No entanto, a decisão não se estende a gays, lésbicas e bissexuais. O que, além de controverso, coloca os transgêneros em uma posição desconfortável: apesar de serem protegidos pela constituição, eles estarão violando a lei se fizerem sexo gay consensual.

A comunidade LGBT da Índia tem protestado diante desta mesma Suprema Corte, que em 2013 proibiu o sexo homossexual. De acordo com a seção 377, uma lei da era colonial que tem 153 anos, uma relação entre pessoas do mesmo sexo é um “delito antinatural” que pode resultar em uma pena de até 10 anos de prisão. Segundo a BBC, apesar da lei raramente ter sido usada para julgar sexo homossexual consensual, é frequentemente usada por policiais para perseguir gays. Em uma país conservador como a Índia, a homossexualidade ainda é um tabu e muitas pessoas veem sexo gay como ilegítimo.

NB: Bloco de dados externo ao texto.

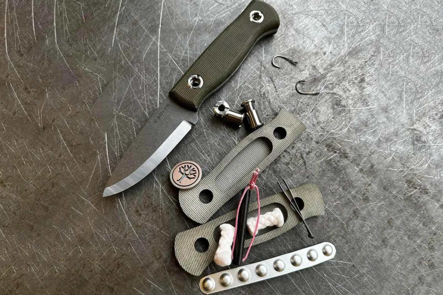 Zwei Streamer in der Wildnis? Messer statt Controller? Hungern statt Happy Slice Pizza? Klingt absurd, wird aber wahr: Der Hamburger Trymacs (29) und der Bonner Rumathra (27) treten als Team gemeinsam bei der kommenden Staffel von 7 vs. Wild an und stellen sich dem 14-tägigen Abenteuer in der Wildnis Kanadas. Die beiden Schwergewichte aus der deutschen Streaming-/Gaming Szene vereinen gemeinsam über 4 Millionen Follower auf Twitch (Trymacs 3,4 Mio., Rumathra 0,7 Mio.) und sind auch auf Youtube und Instagram reichweitenstark vertreten. Im Rahmen der intensiven Vorbereitung auf diese Grenzerfahrung spielte die Wahl der richtigen Ausrüstung – insbesondere, weil alle Gegenstände zusammen in einer 1L Nalgene-Flasche untergebracht werden müssen – eine elementare Rolle für die Beiden.Gemeinsam mit Rumathra, der uns mehrfachin unserer Solinger Manufaktur besuchte, entwickelten und bauten wir ein eigenes Messer, welches perfekt auf die Anforderungen und Gegebenheiten des anstehenden Outdoor-Abenteuers abgestimmt ist. Basis für die Neuentwicklung ist das von Dave Wenger entworfene Outdoor- und Bushcraft Messer Böker Plus Vigtig (s. Seite 105), welches aufgrund seiner Dimensionen (Gesamtlänge: 19,7 cm; Klingenstärke: 4 mm) nicht nur perfekt in die Flasche passte, sondern auf härteste Beanspruchungen ausgelegt ist. Die Wahl des Klingenstahls fiel auf Magnacut, der anders als die üblicherweise verwendeten Werkzeugstähle speziell für den Messerbau entwickelt wurde. Bei diesem als „Wunderstahl“ gefeierten Stahl ist es gelungen trotz des hohen Chromgehaltes von 10,7% und einer beeindruckenden Härtbarkeit von über 61-62 HRC ein sehr feines Gefüge und damit hohe Zähigkeit und Schocklastverträglichkeit zu erzielen.In Kombination mit dem True-Scandi Schliff trotzt die Klinge im Stonewash-Finish jeder anfallenden Herausforderung: von feinen Schneid- und Schnitzaufgaben zum Lagerbau und der Feuerholz-Vorbereitung, über Batoning und Hacken bis hin zur Wildversorgung. Um den Platz in der Nalgene Flasche optimal auszunutzen, wurden die beiden Griffschalen aus grünem Canvas Micarta etwas flacher gehalten als bei der Ursprungsversion und gewährleisten auch im nassen Zustand eine perfekte Handlage. Ein besonderes Highlight befindet sich im Inneren des Griffs. Anstelle von Hohlnieten lassen sich die beiden großen Schrauben mithilfe einer Münze einfach demontieren; zum Vorschein kommt ein gemessen an den Außendimensionen des Griffs üppiges Fach mit einer Tiefe von 14 mm, indem beispielsweise eine Pinzette ,Zunder, Kohletabletten, ein Angelset und Sicherheitsnadeln problemlos untergebracht werden können. Auch als skelettiertes Messerohne Griffschalen macht das vollständig in Solingen gefertigte Böker Vigtig vs. Wild eine gute Figur und unterstreicht die Vielseitigkeit des Sondermodells.Abgerundet wird der Lieferumgang durch eine kompakte Kydexscheide in schwarz mit Clip.

Na Índia, transgêneros, transexuais, cross-dressers, eunucos e travestis são chamados de hijra. A maioria cantam e dançam em casamentos para sobreviver, ou mendigam e vivem da prostituição. Segundo a correspondente da BBC na Índia Geeta Pandey, o chamado “terceiro gênero” tem um papel importante na cultura indiana e já foi tratado com muito respeito. Eles são mencionados nas escrituras Hindu e nos épicos clássicos da Índia Ramayana e Mahabharata. Na Índia medieval, diz Geeta, os transgêneros foram líderes hindu, e só passaram a serem mal vistos no século 18, com a colonização britânica.